**Problem description**
The output is a word-for-word repeat of the listing below, free of images.

**Supplied material**
##########

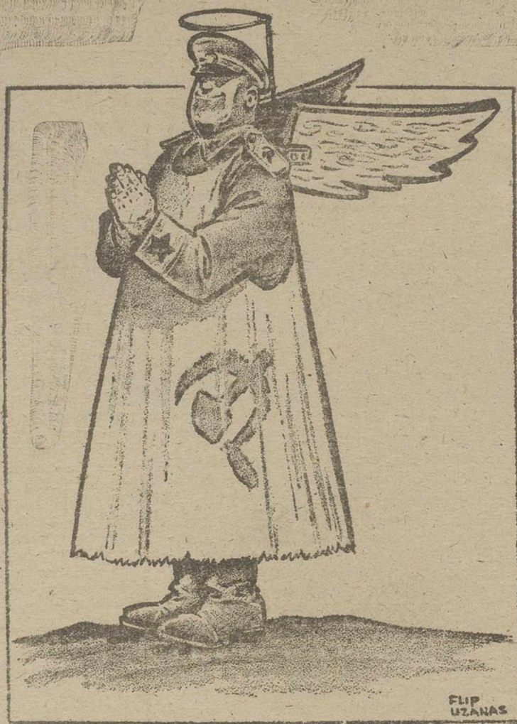
Dibujo de Philip Uzanas publicado en el Hartford Courant, de Hartford, Connecticut (U.S.A.)
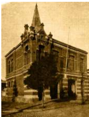
Antiguo Cuartel construido en el año 1900 y reconstruida la salida del material mayor en el año 1906. Este Cuartel fue demolido en el año 1963.

Por fin, después de tantos padecimientos, el año 1901 la segunda ocupaba su cuartel de Av. Recoleta esquina de Av. Santa María , terreno donado por la I. Municipalidad de Santiago, donde permanece hasta nuestros días, ofreciendo un adecuado abrigo al Material Mayor y una agradable permanencia tanto a los Voluntarios honorarios y activos.
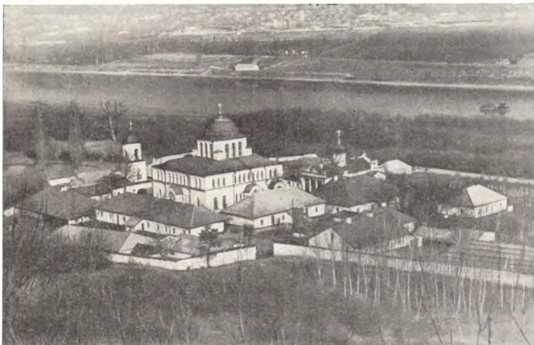
Жабский Вознесенский женский монастырь (Каменский район Молдавской ССР)

17 сентября, в Неделю 13-ю по Пятидесятнице, архиепископ Ионафан совершил Божественную литургию в Свято-Троицком храме в с. Гратиешты, что под Кишиневом. На малом входе Владыка возложил на настоятеля протоиерея Константина Степана патриаршую награду — митру. После молебна архипастырь произнес поучение на слова апостольского послания (1 Кор. 16, 13—14) и поздравил настоятеля с высокой патриаршей наградой.

##########

**Exercise response**
Dibujo de Philip Uzanas publicado en el Hartford Courant, de Hartford, Connecticut (U.S.A.)
Antiguo Cuartel construido en el año 1900 y reconstruida la salida del material mayor en el año 1906. Este Cuartel fue demolido en el año 1963.

Por fin, después de tantos padecimientos, el año 1901 la segunda ocupaba su cuartel de Av. Recoleta esquina de Av. Santa María , terreno donado por la I. Municipalidad de Santiago, donde permanece hasta nuestros días, ofreciendo un adecuado abrigo al Material Mayor y una agradable permanencia tanto a los Voluntarios honorarios y activos.
Жабский Вознесенский женский монастырь (Каменский район Молдавской ССР)

17 сентября, в Неделю 13-ю по Пятидесятнице, архиепископ Ионафан совершил Божественную литургию в Свято-Троицком храме в с. Гратиешты, что под Кишиневом. На малом входе Владыка возложил на настоятеля протоиерея Константина Степана патриаршую награду — митру. После молебна архипастырь произнес поучение на слова апостольского послания (1 Кор. 16, 13—14) и поздравил настоятеля с высокой патриаршей наградой.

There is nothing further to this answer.